Exemplaire sur papier courant de la deuxième édition.
L'art et la littérature n'ont toujours fait qu'un aux yeux de Huysmans. Lointain descendant d'un peintre du XVIIe siècle -Cornélius Huysmans-, petit-fils de peintre, neveu d'un professeur de peinture aux Pays-Bas, J.-K. Huysmans "se rachètera de cette trahison en écrivant sa vie durant sur la peinture." (Huysmans, Ecrits sur l'art 1867-1905, édition établie par Patrice Locmant, éd. Bartillat, 2006, p. 7) L'art moderne, publié en 1883, est le premier de ces trois recueils de critique d'art. Suivront Certains, en 1889 et Trois Primitifs, en 1905. En regroupant ainsi des articles dispersés dans la presse, Huysmans témoignait d'abord du désir de s'inscrire dans la tradition française des écrivains-critiques d'art, de Diderot à Stendhal et à Baudelaire -le titre même du recueil renvoie évidemment à la modernité baudelairienne- et ensuite de rendre visible aux yeux de ses lecteurs la cohérence qui sous-tend sa vision esthétique.
L'art moderne réunit des chroniques publiées dans différentes revues depuis 1879, dans lesquelles l'auteur commente aussi bien les expositions officielles que l'avènement de "l'art moderne". En 1883, le livre intervient opportunément sur la scène artistique alors qu'apparaît ce qu'on n'appelait pas encore la "crise de l'impressionnisme" : les dissensions entre peintres indépendants s'accentuent tandis que, d'un autre côté, les attaques menées au nom de l'art académique contre ce mouvement deviennent de plus en plus féroces. Dans ce contexte particulier, l'ouvrage écrit à la gloire de Monet ("le plus grand paysagiste des temps modernes", de Degas ("le plus original et le plus hardi")... apparaît comme le manifeste de l'impressionnisme, qui permet de plus à l'auteur encore naturaliste de se présenter "dans une position de découvreur visionnaire [...]. L'énergie que Huysmans déploie pour défendre la peinture impressionniste n'a d'égal que celle dont il fait montre pour condamner l'art académique [...] Huysmans met d'autant plus de coeur dans ce combat qu'il a pressenti très tôt des affinités esthétiques entre la peinture impressionniste et le projet du naturalisme littéraire." (
ibid., p. 25) Charpentier, qui publie
L'art moderne, n'était pas par hasard l'éditeur presque officiel du mouvement naturaliste.
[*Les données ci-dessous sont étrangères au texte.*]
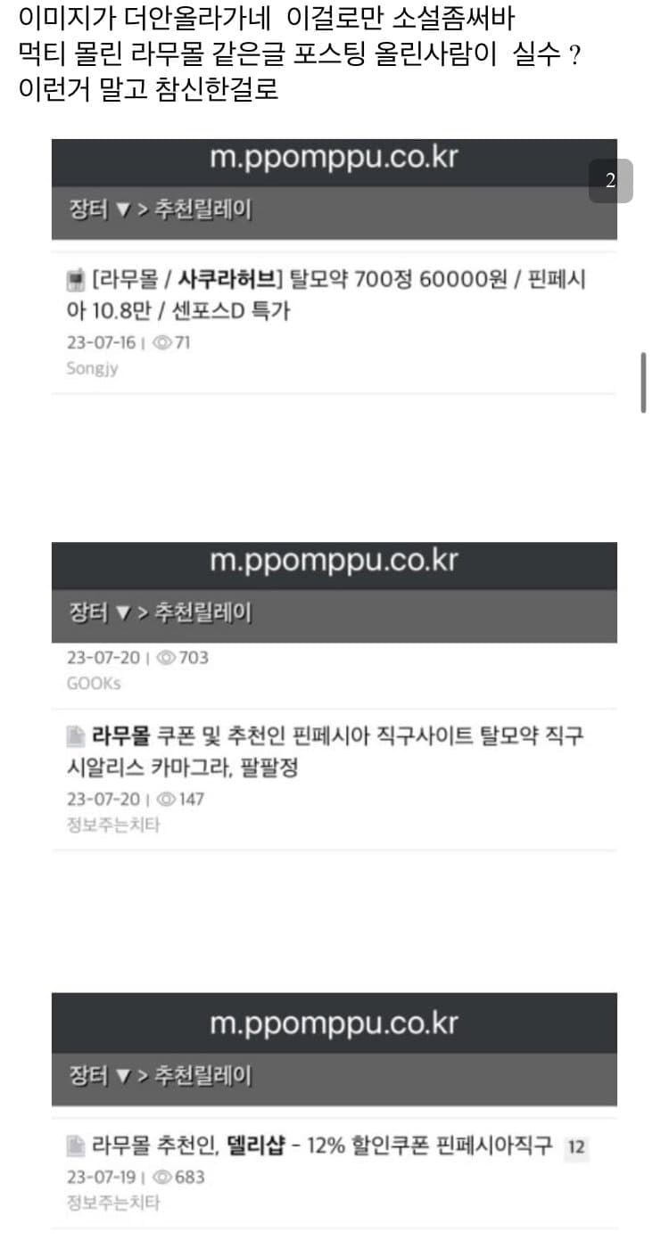 정보주는치타 쫀띄기 둘 모여몰 팝업창 캡쳐해서 뽐뿌에 먹티고 가짜고 글써서 12월1월거니 무작위로골라 삼천만원 내기하자고 공개적으로 말해도 피해다니며 먹티라고 글만쓰고다닙니다 물량이딸리지만 다른업체들처럼 배송안보내고 비싸게 팔거나 하지않습니다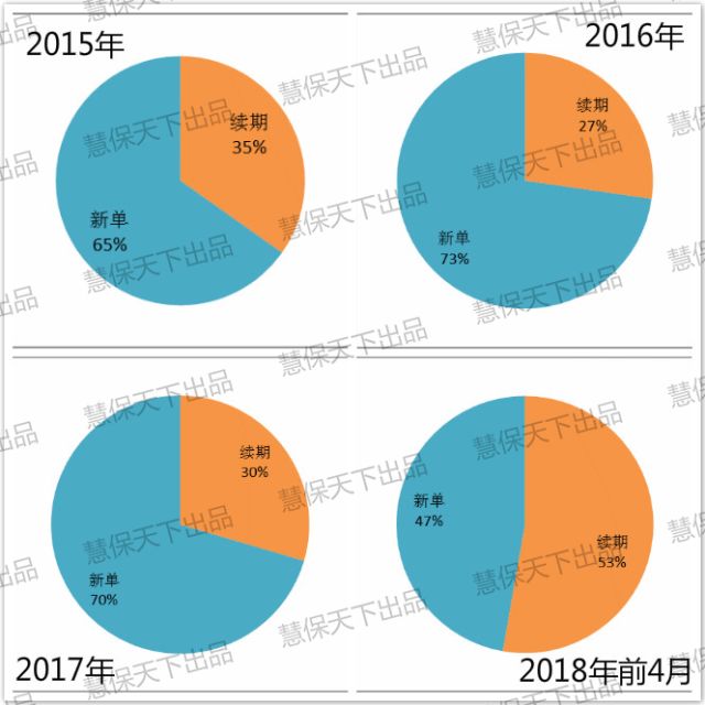 但到2018年,新单保费再也无法拉动增长了。从图中可以清晰看到,续期保费在2018年前4月的占比达到了53% ,比去年提升了23个百分点,成为拉动保费增长的最主要因素。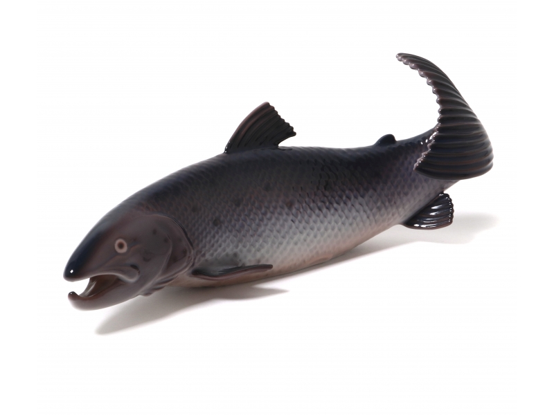 Фарфоровая фигура (статуэтка) "Лосось". Ручная подглазурная роспись.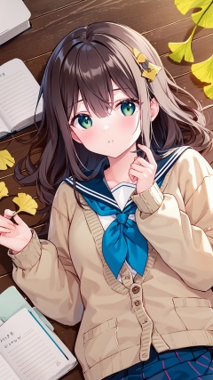 1girl,solo,school uniform,lying,green eyes,on back,brown hair,looking at viewer,on floor,book,serafuku,blue neckerchief,sailor collar,white shirt,neckerchief,leaf,blush,cardigan,shirt,ginkgo leaf,ginkgo leaf,open clothes,bangs,twitter username,parted lips,open cardigan,collarbone,long sleeves,holding leaf,holding,wooden floor,hair between eyes,upper body,long hair,indoors,brown cardigan,skirt,from above,autumn leaves,blue sailor collar,notebook,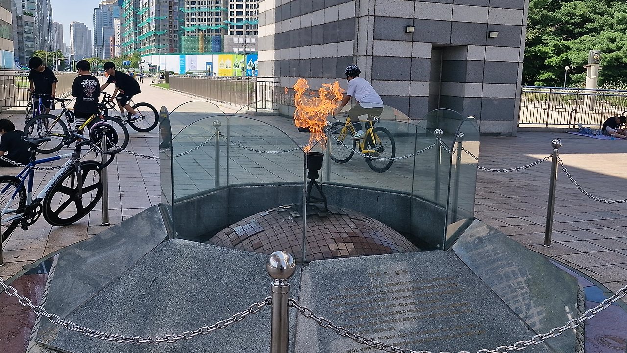 88 올림픽 때부터 있는 실제 불꽃이다! 주변이 그늘이고 몇 발자국 떨어져 서있는데도 불기운이 후끈 달아오른다.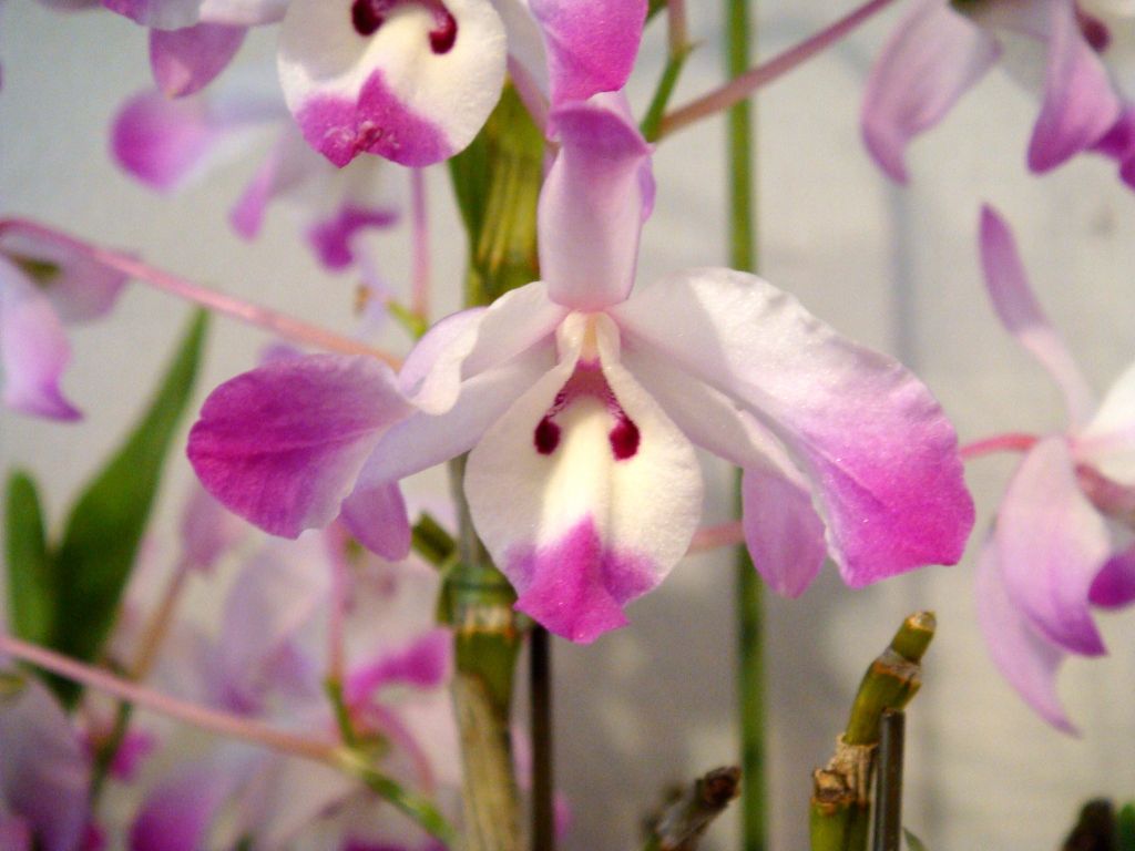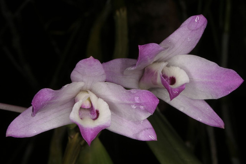 Found in southern China and northern Vietnam as a miniature to small sized, warm to cool growing epiphyte with club-shaped, basally slender, thickening towards the apex, carrying elongate basally clasping leaves that bloom in the spring on a 1.6 to 2.8" [4 to 7 cm] long, laterally from the nodes all along leafless and leafy stems, 2 to 3 flowered inflorescence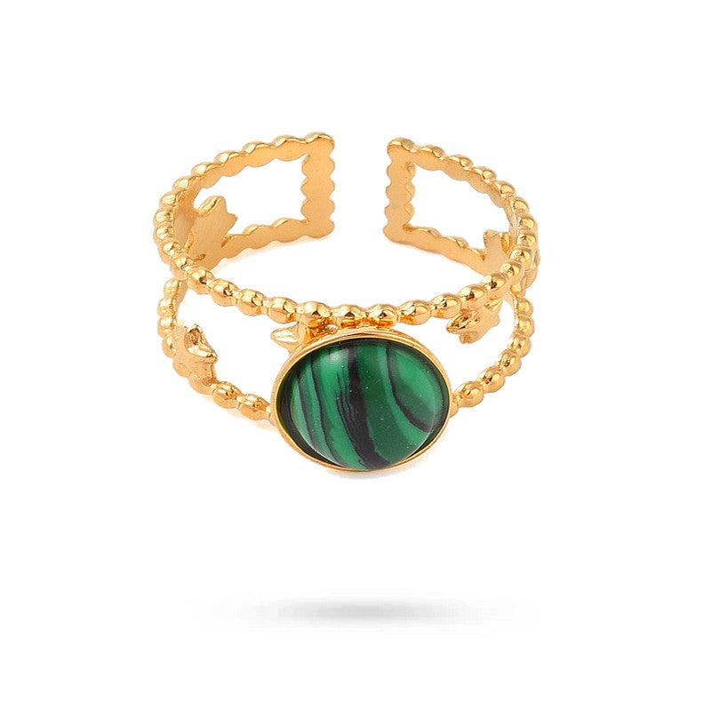 This stainless steel women's ring features a natural malachite stone cut into a star shape. Its refined design combines modernity... Read more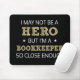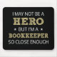 I may not be a hero, but I'm a Bookkeeper so close enough humourous word art in sans-serif and doodle cross-hatch font lettering in white and golden yellow.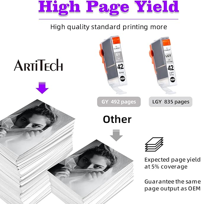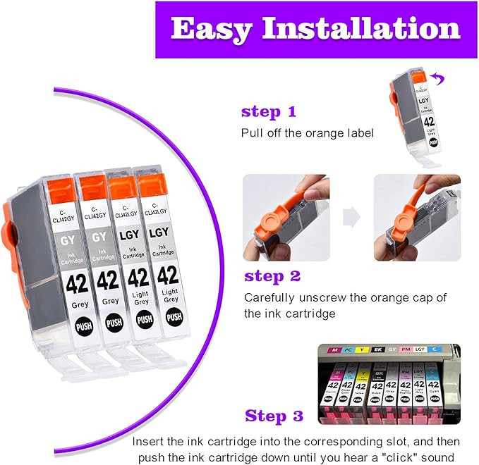- Package Includes: 4 pack of CLI-42 compatible ink cartridges. 2x CLI-42 Gray, For 2x CLI-42 Light Gray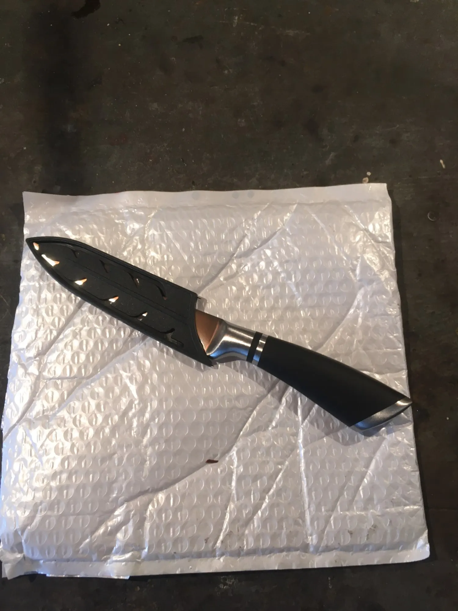 доставили аккуратно и быстро. лезвие еще надо доводить до максимально острого. чехол на лезвие в комплекте, но похоже, от другой модели ножа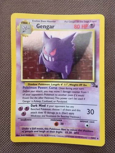 Pokemon TCG Gengar 5/62 Fossil Set Holo Rare Unlimited 1999 WOTC

La "haine" de l'écrivain-critique d'art envers le léché académique et son attachement viscéral à la notion même d'"indépendant" vont s'incarner dans un franc-parler résolument combatif, qui aurait pu compromettre la parution de son recueil. "Sa verve directe et sincère manqua d'empêcher la publication de
L'art moderne [...], dont il avait remis, au mois de juin 1882, le manuscrit à Charpentier. Ce dernier, en effet, apprécia assez moyennement les charges que portait Huysmans contre certains peintres qui travaillaient comme illustrateurs pour l'une de ses revues." (
ibid., p. 11) Huysmans fut contraint de tempérer quelques passages afin d'amener finalement Charpentier à publier cet ouvrage qui
joua un rôle déterminant dans le débat esthétique des dernières décennies du XIXe siècle.